TRANSGENERATIONAL HAUNTING

by Fonya Lord Helm, PhD, ABPP

Long ago I read about a man who suffered from paralysis in his arm. He was completely unaware that his father had had his arm amputated as punishment for thievery. When the  patient was able to discover his father’s tragic history, he was able to understand his previously unconscious relationship with his father, and his paralysis evaporated.  He no longer needed to stay connected to his father in that way.

“Transgenerational haunting,” is a phrase first used by Abraham and Torok, two French psychoanalysts, for the transmission of trauma from one generation to another.  It occurs as part of the history of all people and cultures.  The parents’s experiences affect the inner lives of their children and grandchildren, and cultural trauma is reworked in complex ways by succeeding generations of that culture. 

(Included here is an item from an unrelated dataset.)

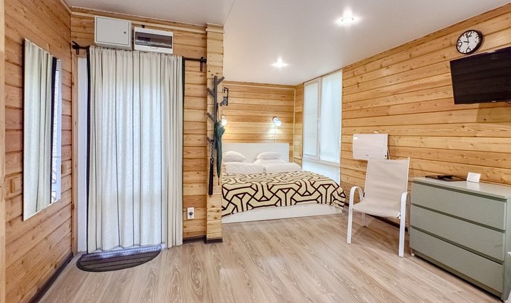 В номере: вешалка, диван раскладной, кровать двуспальная, кровать двухъярусная, кухонная мебель, прикроватные тумбочки, стол, стулья, тумба под телевизор, шкаф, микроволновая печь, плита электрическая, телевизор, холодильник, чайный набор посуды, электрочайник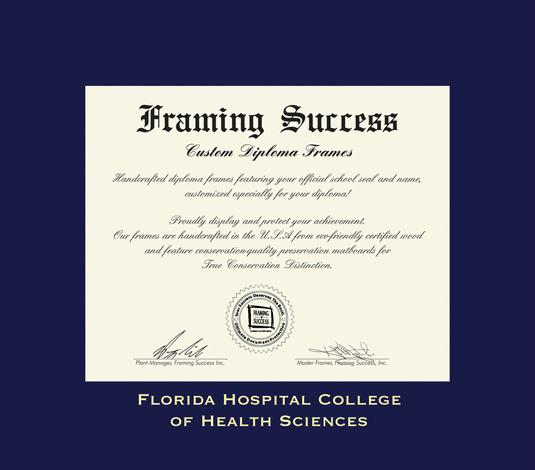 Florida Hospital College of Health Sciences Diploma Frame with Navy Blue Mat and Gold Embossing

The most traumatic experiences are the hardest to integrate since they create a state of shock and a need not to know, in spite of actually having memories in the body and mind.  The experience of feeling can get dissociated and foreclosed.  Later, the known trauma emerges in a different form since it is only disavowed, not destroyed.

Sometimes, the indication that something bad has happened appears in a way that is truly mystifying and seems to make no sense.  A  mother held her newborn baby out from her body with her arms very stiff, instead of cuddling her baby in the usual way.  It turned out that her own mother, the baby’s grandmother, had broken both arms shortly before she, the mother, was born.  When the mother was a baby, she was held by the grandmother in the same way, with stiff outstretched arms, because it was the only way she was able to do it.